The core structure is based on an inheritance tree of classes that mimic the structure of the matplotlib inheritance. If you want to write a plugin you should check out which class already implements some properties and inherit from it. Normally this should be the Artist
or some other class that already inherits from Artist
. If your class can't implement the properties of Artist
you need to inherit from Base
. These are the two superclasses that are recognized by the figure and included in the initialization flow.
If you don't do that your component will be usable in QML (i.e. no error appears) but it won't be called by the Figure
wrapper object and thus not initialize. If you 'just' want to write a plugin for yourself you can go to Write a Plugin.
If you want to write a plugin to integrate it into the project create a branch named plugin/<name_of_your_plugin>
and create a merge request for me.
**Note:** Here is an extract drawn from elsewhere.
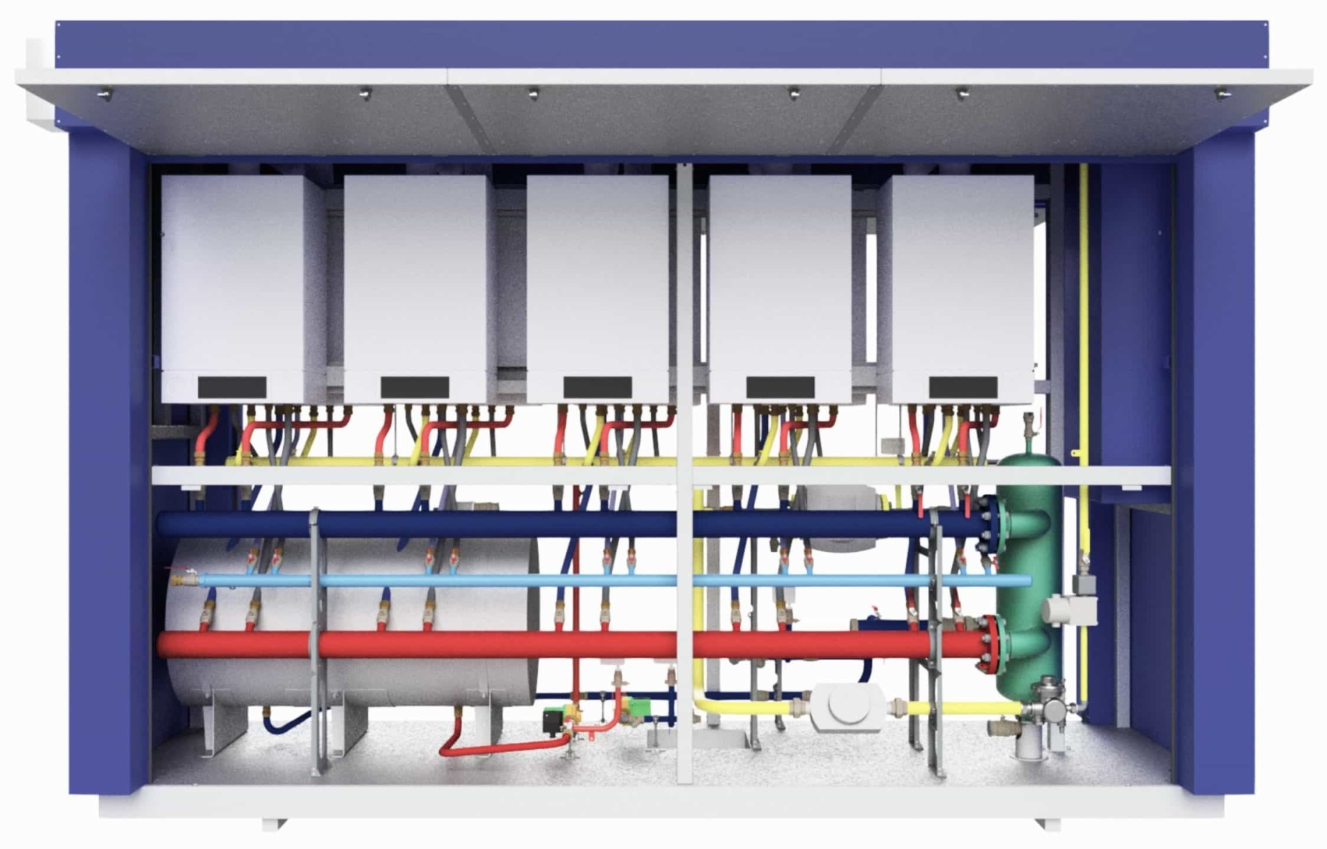 В котлах ТГУ-НОРД применяется каскад бытовых настенных двухконтурных котлов Mizudo M30T мощностью 30 кВт каждый. Это обеспечивает температурный график контура ОВ 60/80°C.

Of course while the request is pending you can already use it as described above.
Documentation
Whenever you want to contribute make sure your plugin/feature comes with sufficient documentation. The documentation is a Gitlab Wiki page and must include the following and obey the structure of the component pages: - Docstrings under non-property methods (if they have a complicated data flow) in the Sphinx format - At least one Example that can be copy pasted - Description of the QML properties - Description of the Python interface for the QML properties
This is to ensure that your code can be properly reviewed, debugged, tested and extended later on.